Starbucks (SBUX 1.09%) and McDonald's (MCD -0.46%) each had good news for investors in their latest earnings reports. The late October announcement from McDonald's showed strong customer traffic trends as shoppers continued to dine out at fast-food restaurants. Likewise, Starbucks' sales hit a record in the selling period that ended in early October.

With that in mind, let's see which stock looks like the better investment heading toward 2023.

McDonald's is growing

McDonald's wins the growth matchup. Comparable-store sales rose 10% this past quarter, while Starbucks expanded at a 7% rate globally. The burger giant also achieved higher customer traffic in each of its selling geographies. Starbucks, meanwhile, had to rely on increased prices to offset a 1% traffic decline.

McDonald's also boasts the stronger finances. Sure, profitability is declining right now thanks to rising costs. Operating profit margin dropped from the near 50% rate the company set a year ago, but the current 39% is far ahead of Starbucks' 19%. "We are operating from a position of competitive strength," McDonald's CEO Chris Kempczinski said in a press release.

Investors who prioritize cash flow will love Mickey D's stock, too. The company converts nearly all of its earnings into free cash flow each year, helping the company buy back stock and pay a dividend that's been growing for decades. Starbucks suspended its repurchase program in early April to free up cash for investments into the business.

Why buy Starbucks

Starbucks might be on the cusp of a lucrative operating rebound, though. The chain has seen accelerating demand in recent weeks, management said, thanks to more aggressive spending in areas like employee training, store upgrades, and the mobile ordering platform. Comps this past quarter were up 11% in the U.S. market compared to 9% in the previous quarter.

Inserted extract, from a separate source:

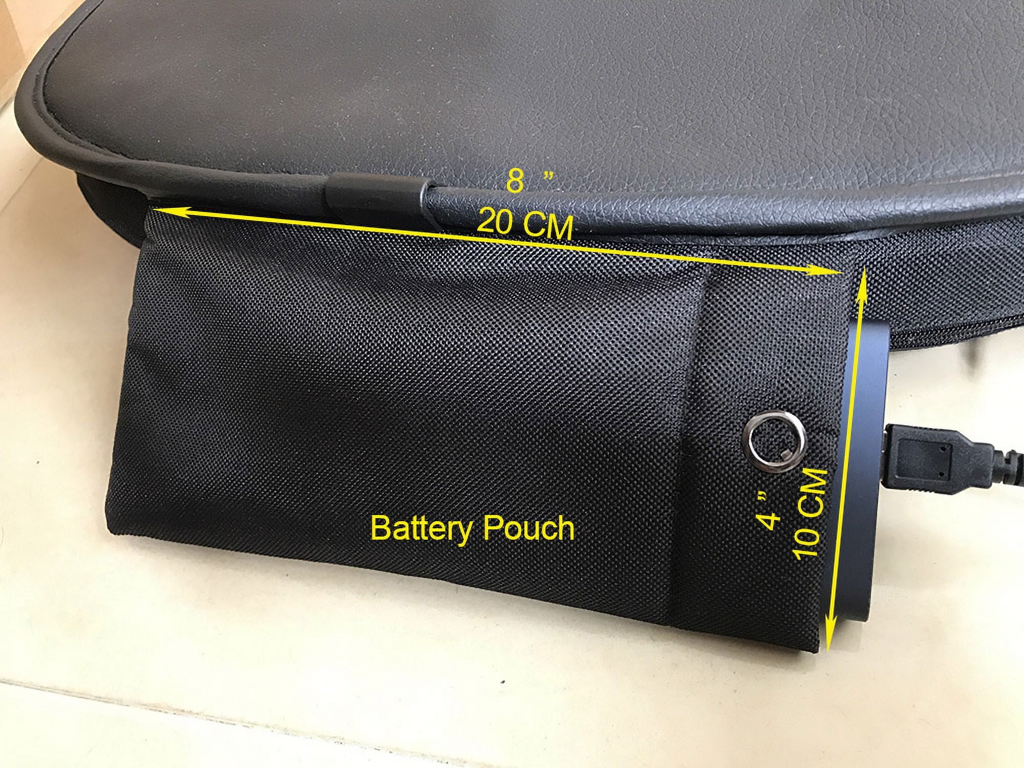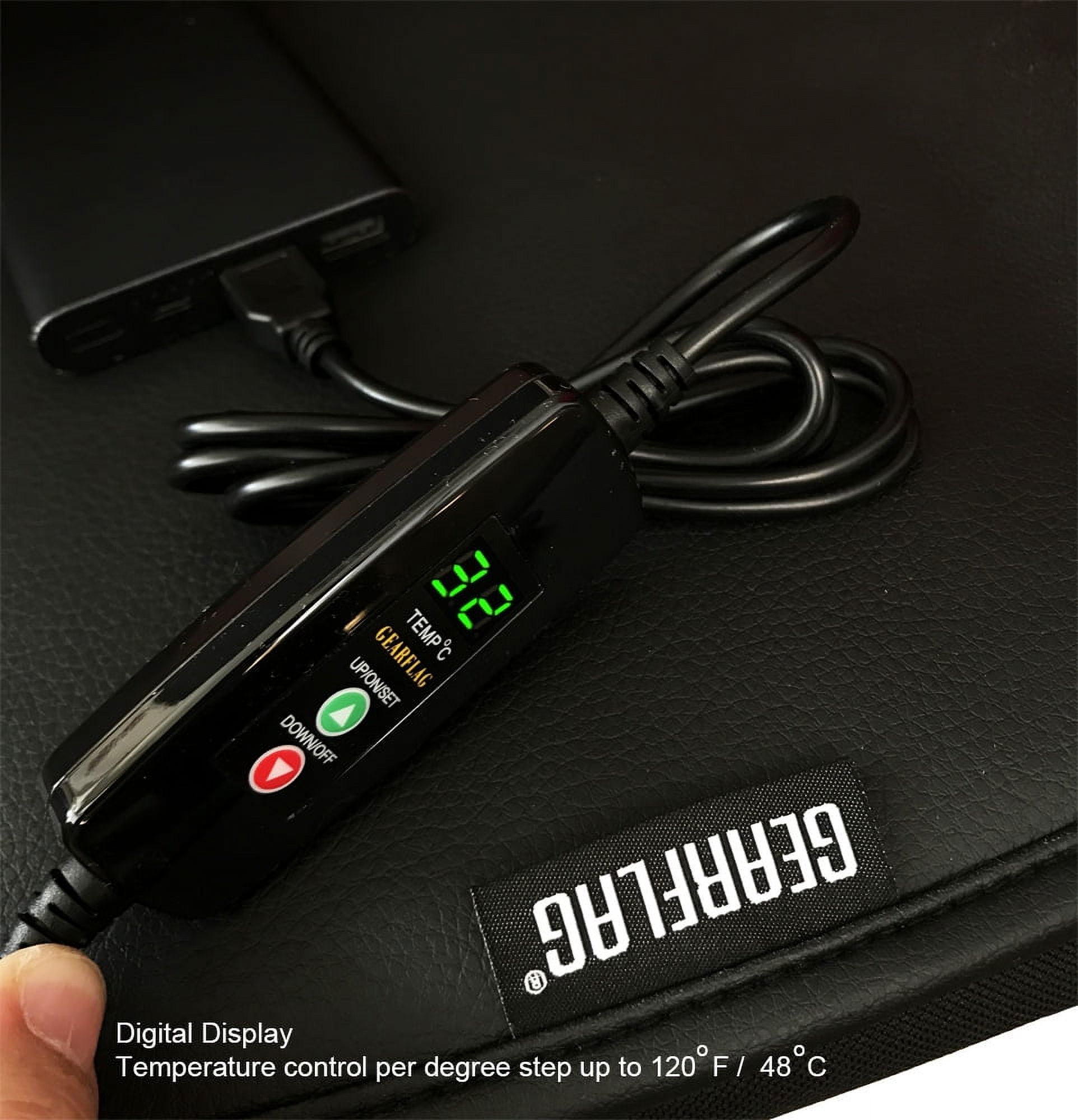 [ USB Power HEATING ] Heated seat powered by external USB battery pack, power bank or any USB 5V power source, comes with front pouch for placing battery pack. Worrying about battery compatibility? Just plug in any power bank which normally charging your phone will power this seat up. BATTERY or POWER BANK IS NOT INCLUDED. [ ADJUSTABLE TEMPERATURE ] Digital temperature display, adjustable up to 48 degree C. You pick the right temperature heating for your comfortable level. Built-in USB cable to connect to 5V power. [ COMPACT CARRYING CASE ] PORTABLE, Easy to roll up after exhaling air, comes with compact size carrying case. Easy to be kept in any compartment for emergency purpose or just carrying it around in your backpack. Excellent for winter game season, hockey game, football game, hunting season, winter/spring/autumn outdoor fun. [ AUTO FILLED AIR INTAKE CUSHION ] Air filled with high quality foam. Can release air and roll into compact size. Carrying case is included [BATTERY IS NOT INCLUDED ] Please note that this cushion powered by external power bank with USB outlet. Battery or Power bank is not included. This seat cushion is a must have for cold winter. Emergency winter stop. Outdoor hunting or camping. High quality “skin feel” like leather. Soft, durable, water resistance. Easy to clean. Comfortable sitting on hard floor, rocky place, concrete surface, snow covered surface, wet surface, boat, wood, hiking, camping and more…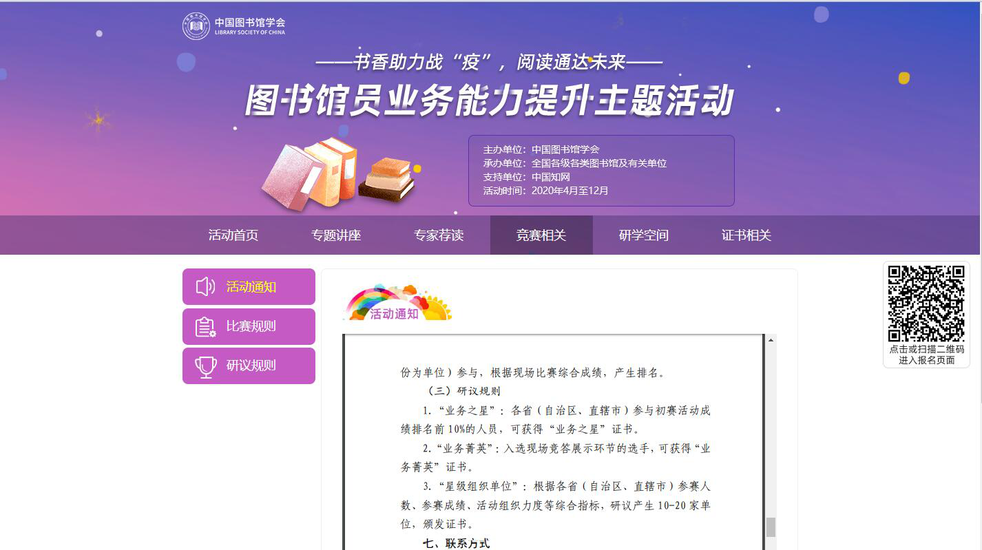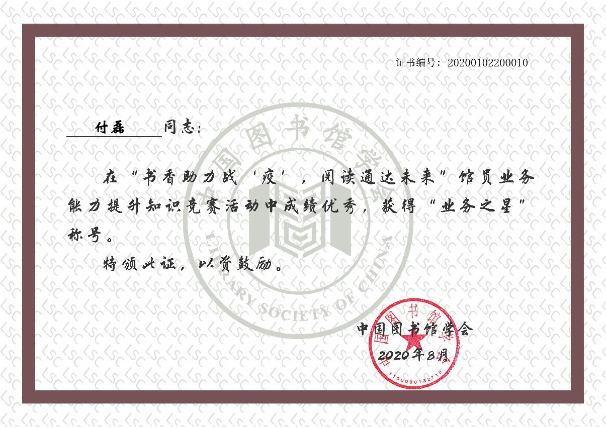 中国图书馆学会为助力疫情之后各馆阅读推广工作开展, 全面提升馆员业务能力,促进新环境下文化服务整体水平,于2020年上半年开展“书香助力战疫,阅读通达未来”—图书馆员业务能力提升主题活动。主要由专题讲座、专家荐读、馆员业务能力提升知识竞赛组成。我馆积极组织馆员参加,付磊老师在馆员业务能力提升知识竞赛中以98分、安徽省第二的成绩获得“业务之星”称号。

Starbucks' shares are less expensive, too. The stock is valued at 3.3 times sales right now after trading at nearly 5 times sales in early 2022. McDonald's valuation is close to its high for the year, meanwhile, at nearly 9 times annual sales.

The story is similar when you look at price-to-earnings multiples. An investor can own Starbucks for roughly 26 times the past year's earnings but will have to pay over 34 times earnings for McDonald's shares.

The better buy

That valuation gap would likely translate into better returns for Starbucks stock owners from here. But that bullish thesis comes with a big caveat.

The coffee giant is responding to major consumer demand shifts as customers prioritize things like to-go and drive-thru service, especially in rural areas. These are niches that Starbucks hasn't traditionally dominated. It is an open question as to whether the chain can enjoy pricing power and market strength in these arenas.

McDonald's, on the other hand, has demonstrated its ability to grow sales through a wide range of selling conditions. And it already maintains one of the most efficient drive-thru platforms on the market.

Restaurant stock investors who are comfortable with risk might prefer Starbucks stock today, with the expectation of improving operating trends ahead. If you like less volatility, and don't mind paying a premium, then McDonald's shares look attractive. The fast-food giant simply needs to continue capitalizing on its competitive assets -- as it has for decades -- to deliver solid investor returns.